**WHAT TO WORK ON:** Of the lines in the data below, write out exactly those from the one holding "Un team mondiale" through the one holding "Memasuki tahap lanjutan, personel", both included.

**DATA RECORDS:**
━━━━━━
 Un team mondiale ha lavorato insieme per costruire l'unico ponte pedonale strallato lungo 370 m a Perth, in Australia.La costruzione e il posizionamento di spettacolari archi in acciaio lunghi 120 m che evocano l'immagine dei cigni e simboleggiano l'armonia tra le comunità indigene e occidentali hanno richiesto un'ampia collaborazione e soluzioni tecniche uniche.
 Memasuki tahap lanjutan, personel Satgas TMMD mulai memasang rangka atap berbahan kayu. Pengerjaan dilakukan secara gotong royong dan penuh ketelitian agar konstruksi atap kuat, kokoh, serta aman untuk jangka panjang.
━━━━━━
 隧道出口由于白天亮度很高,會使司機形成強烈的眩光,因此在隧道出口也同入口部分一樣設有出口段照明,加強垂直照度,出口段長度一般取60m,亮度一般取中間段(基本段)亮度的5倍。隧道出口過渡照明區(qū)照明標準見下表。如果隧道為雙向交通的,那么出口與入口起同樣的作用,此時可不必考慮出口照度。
━━━━━━
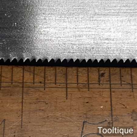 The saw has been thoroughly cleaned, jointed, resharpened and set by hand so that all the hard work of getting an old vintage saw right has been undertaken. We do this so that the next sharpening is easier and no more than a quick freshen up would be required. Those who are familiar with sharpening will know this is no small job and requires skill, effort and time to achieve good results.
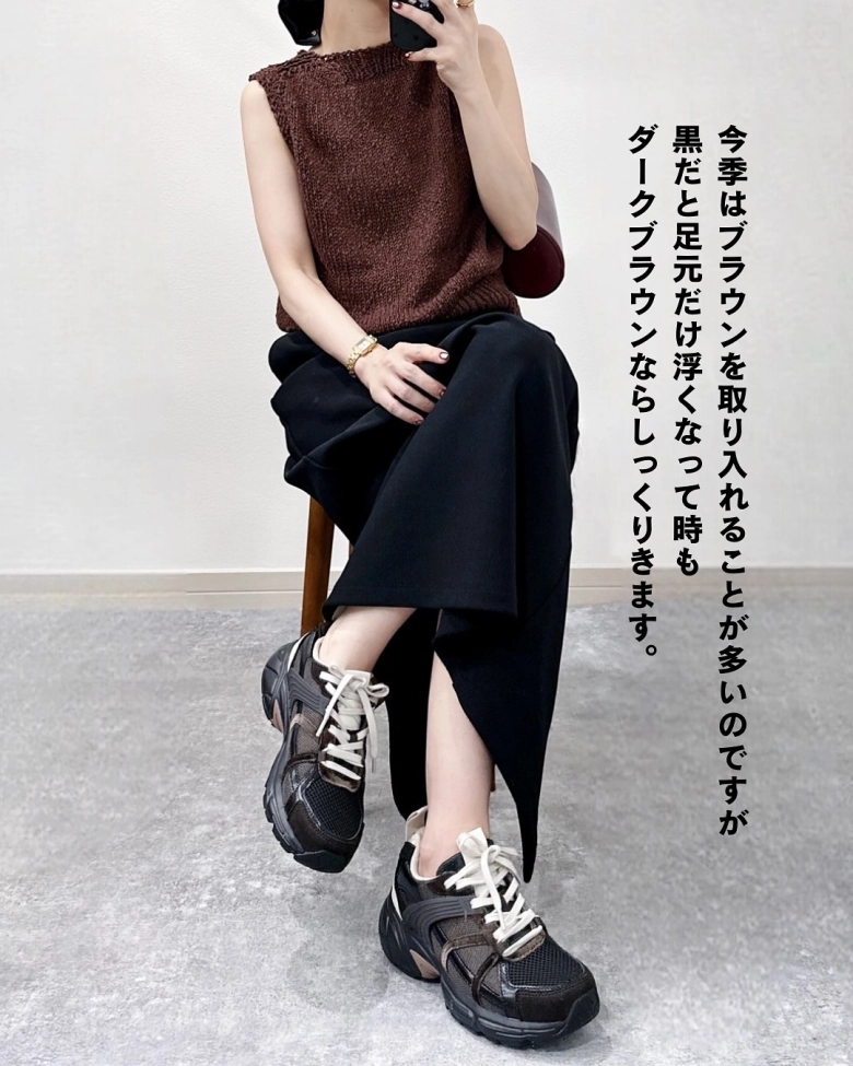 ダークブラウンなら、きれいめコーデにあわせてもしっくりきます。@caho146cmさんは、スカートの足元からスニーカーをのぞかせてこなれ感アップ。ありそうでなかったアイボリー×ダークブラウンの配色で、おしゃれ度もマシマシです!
━━━━━━
**ANSWER FOR THE TASK:**
 Un team mondiale ha lavorato insieme per costruire l'unico ponte pedonale strallato lungo 370 m a Perth, in Australia.La costruzione e il posizionamento di spettacolari archi in acciaio lunghi 120 m che evocano l'immagine dei cigni e simboleggiano l'armonia tra le comunità indigene e occidentali hanno richiesto un'ampia collaborazione e soluzioni tecniche uniche.
 Memasuki tahap lanjutan, personel Satgas TMMD mulai memasang rangka atap berbahan kayu. Pengerjaan dilakukan secara gotong royong dan penuh ketelitian agar konstruksi atap kuat, kokoh, serta aman untuk jangka panjang.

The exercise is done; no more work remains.